It is also near impossible for us to ignore that we are suffering through a climate emergency, as evidenced by the devastating floods and mudslides in BC. In many cases, the affected communities are the same ones that were evacuated during one of the worst wildfire seasons on record. Indeed, climate change, a symptom of our disconnect from the natural world, has been cited as the greatest threat and opportunity of the 21st century for global health. The latest IPCC report further sounded the alarm of a “red alert for humanity” – a clear call to action for all of us as the window to make drastic change, that would ensure a healthy future, closes.

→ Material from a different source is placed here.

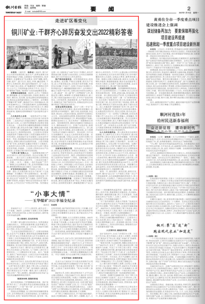 人文情懷濃,暖暖的幸福 該礦連續(xù)多年,辦成了多項(xiàng)民生大事。今后的工作方向,要為幸福注入更多人文情懷,豐富職工對(duì)“最美礦區(qū)”的認(rèn)知,彰顯“幸福礦井”的溫度。以此為指導(dǎo),在2022年涌現(xiàn)了很多溫暖故事。

We need to ground our actions in the truth that our ecosystems are the foundation of our well-being. Nature prescriptions are one way that we, as physicians and allied health providers, can help foster understanding of these issues in our patients and our communities.

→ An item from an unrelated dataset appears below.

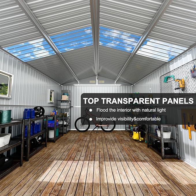 - 【Thoughtful Designs】Metal shed adds 2 transparent roof panels and 2 large windows, will flood the interior with more natural light, improve visibility and air circulation, make you feel comfortable when inside.

Most people have directly experienced the benefits of time spent in a natural environment. Whether we are hiking through a forest and enjoying the heat of the sun and the relief of a cool breeze, noticing the beauty of a tiny yellow flower clinging tenaciously to a rocky crevice high up on a snow-capped mountain peak, or simply sitting in the shade of a tree, we are likely all familiar with the moments of mindfulness, gratitude and awe that time in nature can bring.

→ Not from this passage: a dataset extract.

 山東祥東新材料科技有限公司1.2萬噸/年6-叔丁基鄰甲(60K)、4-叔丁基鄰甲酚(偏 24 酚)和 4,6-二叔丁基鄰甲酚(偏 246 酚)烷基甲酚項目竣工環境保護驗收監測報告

What we feel intuitively is now being quantified and studied scientifically. A 2018 systematic review points toward an impressive, wide-ranging number of health benefits as a result of increased time in nature including improved blood pressure, lipid profiles, and cancer-related outcomes, as well as a reduced risk of asthma, type 2 diabetes, stroke and all-cause mortality. Research indicates that children who have mild to moderate attention deficits can experience memory and attention benefits from nature exposure that rival common pharmaceutical treatments. Just two hours a week spent in nature in at least 20-minute intervals can improve cardiovascular health, cognition and birth outcomes. People with access to green spaces and who live in areas with more tree canopy have better health outcomes than those who do not. Urban areas with limited green coverage become “heat islands” that trap heat and pollution. Low-income areas are disproportionately affected by these heat islands, which further exacerbates inequities of poverty and poor health. By incorporating green spaces into municipal policy for all areas, we can combat heat stress and social inequities.
For those of us who love to garden, a recent study found that exposure to a common soil bacterium, Mycobacterium vaccae, can improve symptoms of anxiety and depression through its interaction with the immune system. Researchers hypothesized that injections of M. vaccae might boost immune system responses in cancer patients. Unfortunately, the injections did not affect survival, but patients who received the injections did report significantly improved quality of life. Whether it's due to exposure to bacteria in the soil or other factors, it is estimated that the global mental health benefits associated with access to protected nature areas total over $6 trillion dollars annually.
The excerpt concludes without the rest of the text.